[Task goal]:
Only the text should come through, so restate the listing exactly and drop its images.

***** Source data *****

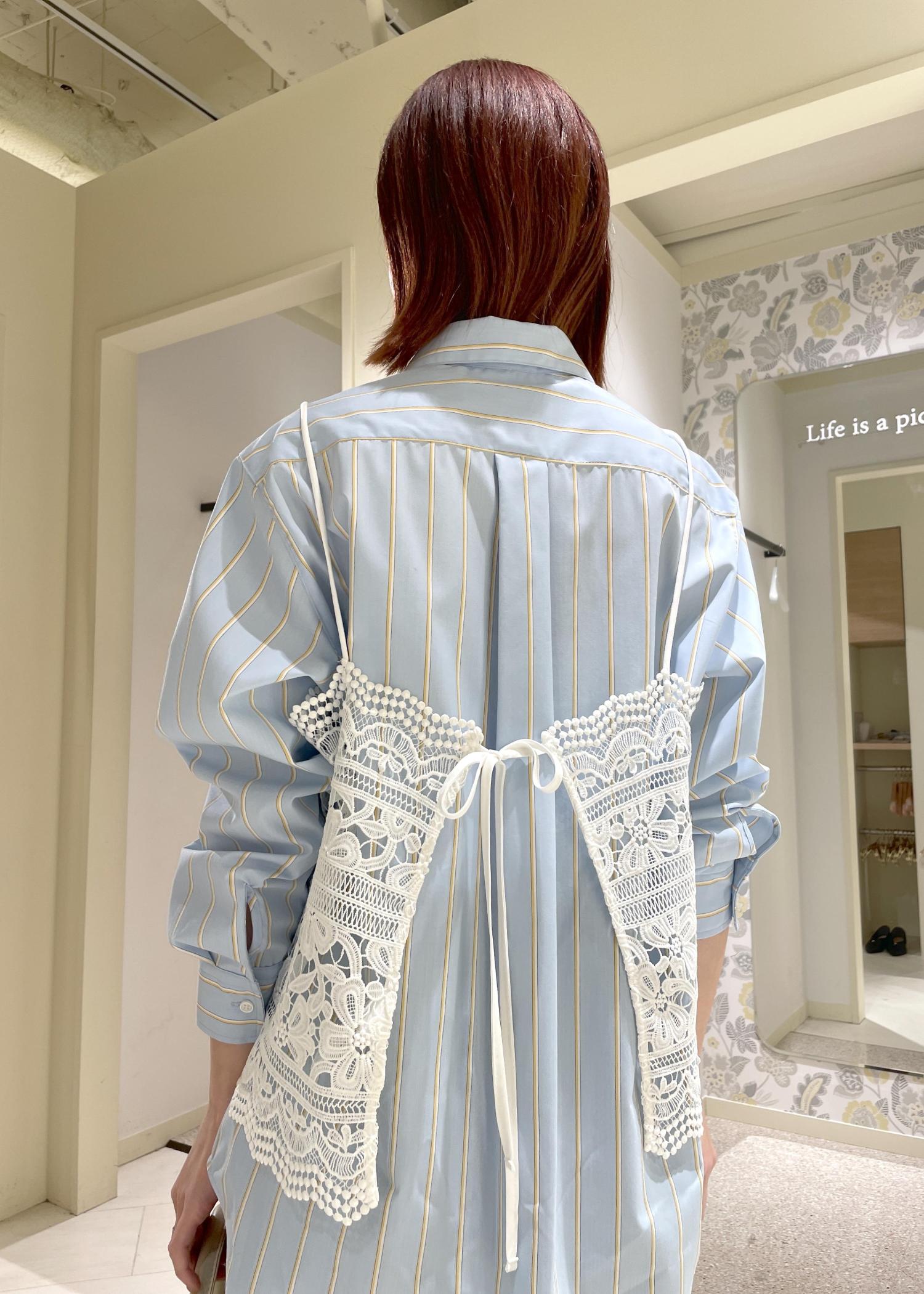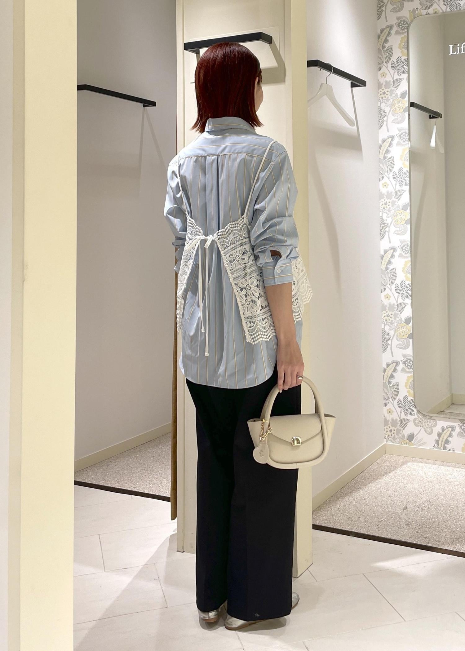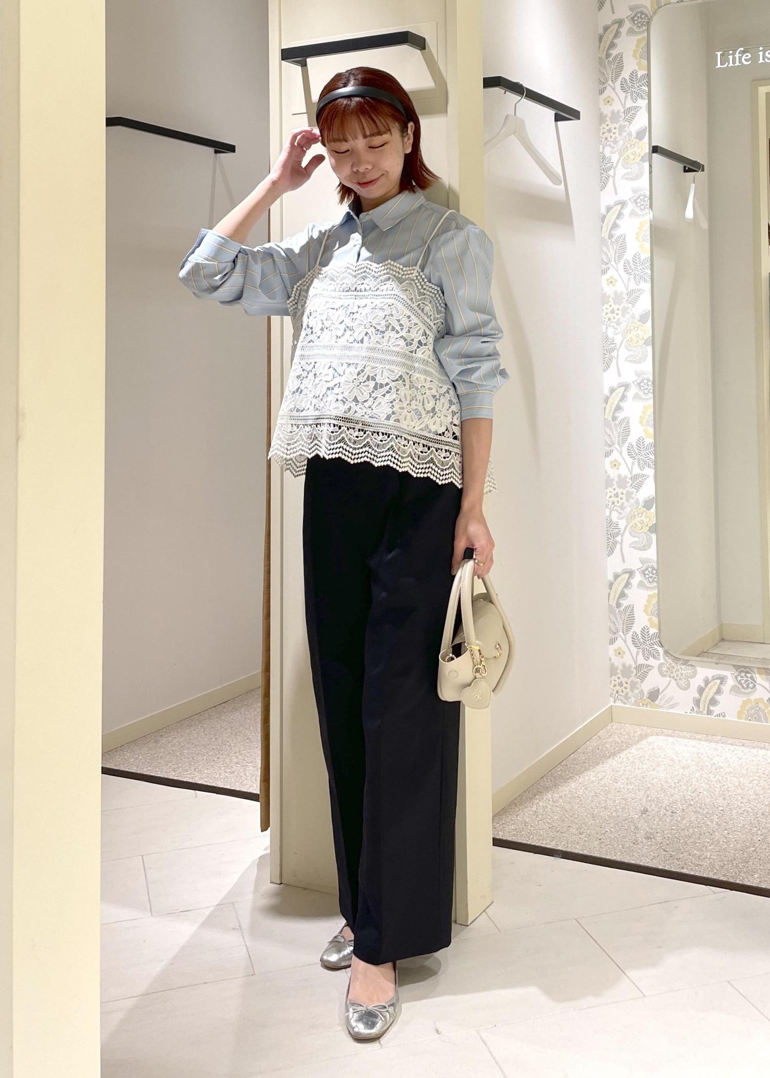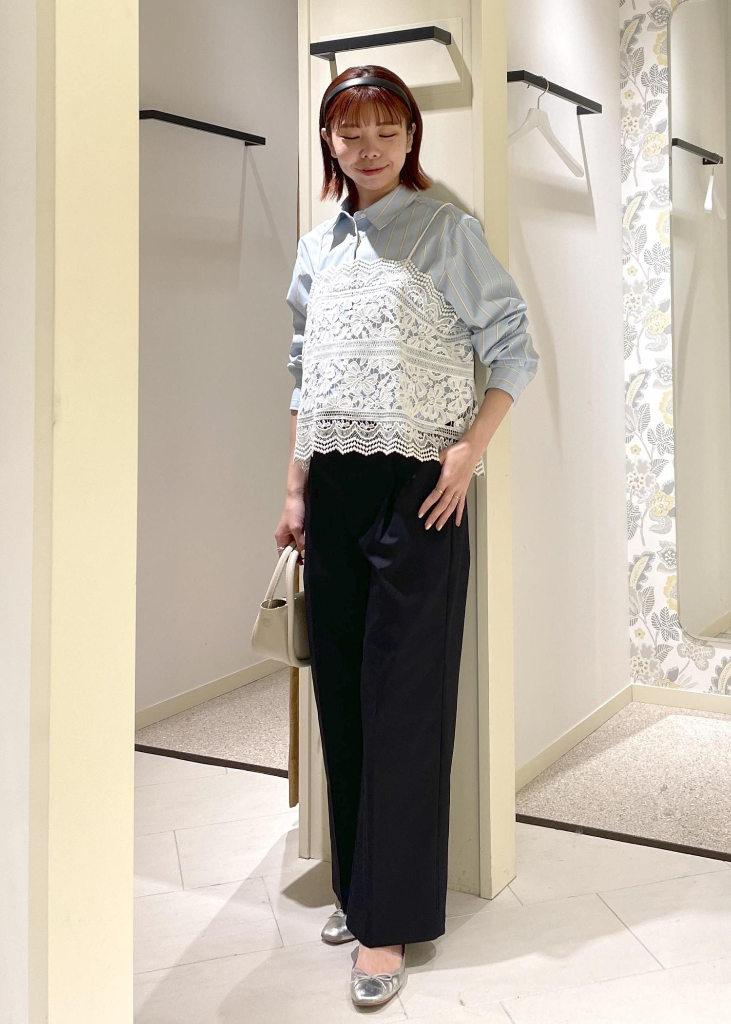 ハリのあるメンズライクなシャツなので、レースキャミ合わせで女性らしく、春らしい軽やかな印象でまとめてみました。
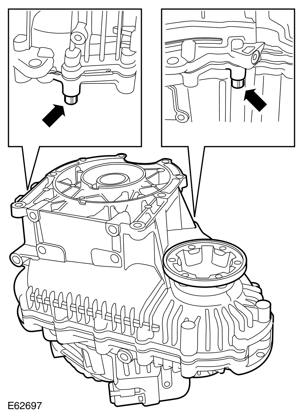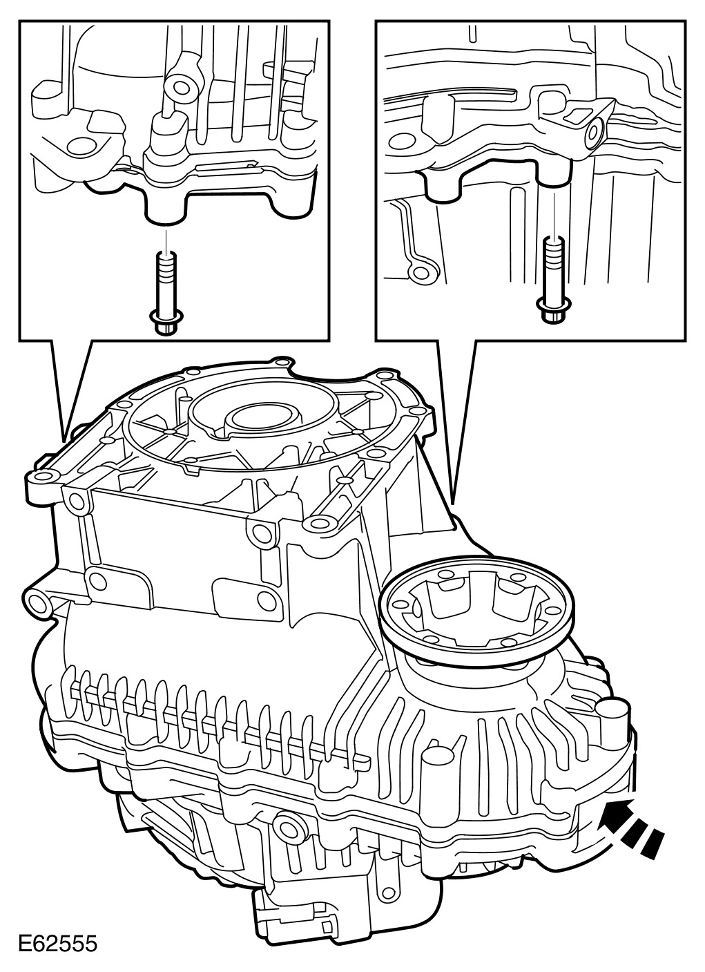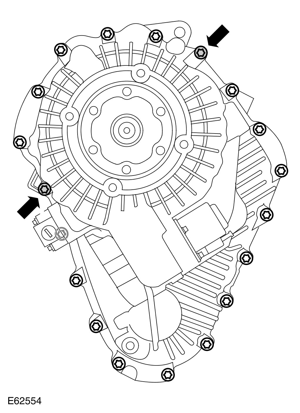 - Evenly tighten the 2 Torx bolts shown to 35 Nm (26 lb.ft).
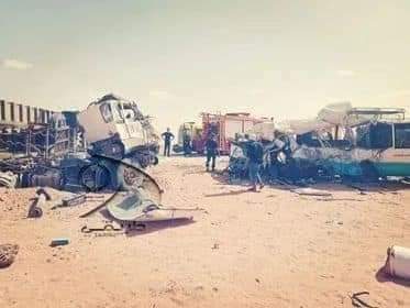 وقد جاء في حصيلة أولية قدمتها الحماية المدنية في بيان لها أن 12 شخصا لقوا حتفهم و ثمانية أخرون أصيبوا بجروح خطيرة في حادث اصطدام عنيف وقع على 14سا و 30د بين شاحنة ذات مقطورة تحمل الحصى وحافلة لنقل المسافرين من الحجم الصغير تعمل على الخط الرابط بين سيدي بلعباس-بوسمغون (ولاية البيض).

*****

[Response for this exercise]:
 ハリのあるメンズライクなシャツなので、レースキャミ合わせで女性らしく、春らしい軽やかな印象でまとめてみました。
 - Evenly tighten the 2 Torx bolts shown to 35 Nm (26 lb.ft).
 وقد جاء في حصيلة أولية قدمتها الحماية المدنية في بيان لها أن 12 شخصا لقوا حتفهم و ثمانية أخرون أصيبوا بجروح خطيرة في حادث اصطدام عنيف وقع على 14سا و 30د بين شاحنة ذات مقطورة تحمل الحصى وحافلة لنقل المسافرين من الحجم الصغير تعمل على الخط الرابط بين سيدي بلعباس-بوسمغون (ولاية البيض).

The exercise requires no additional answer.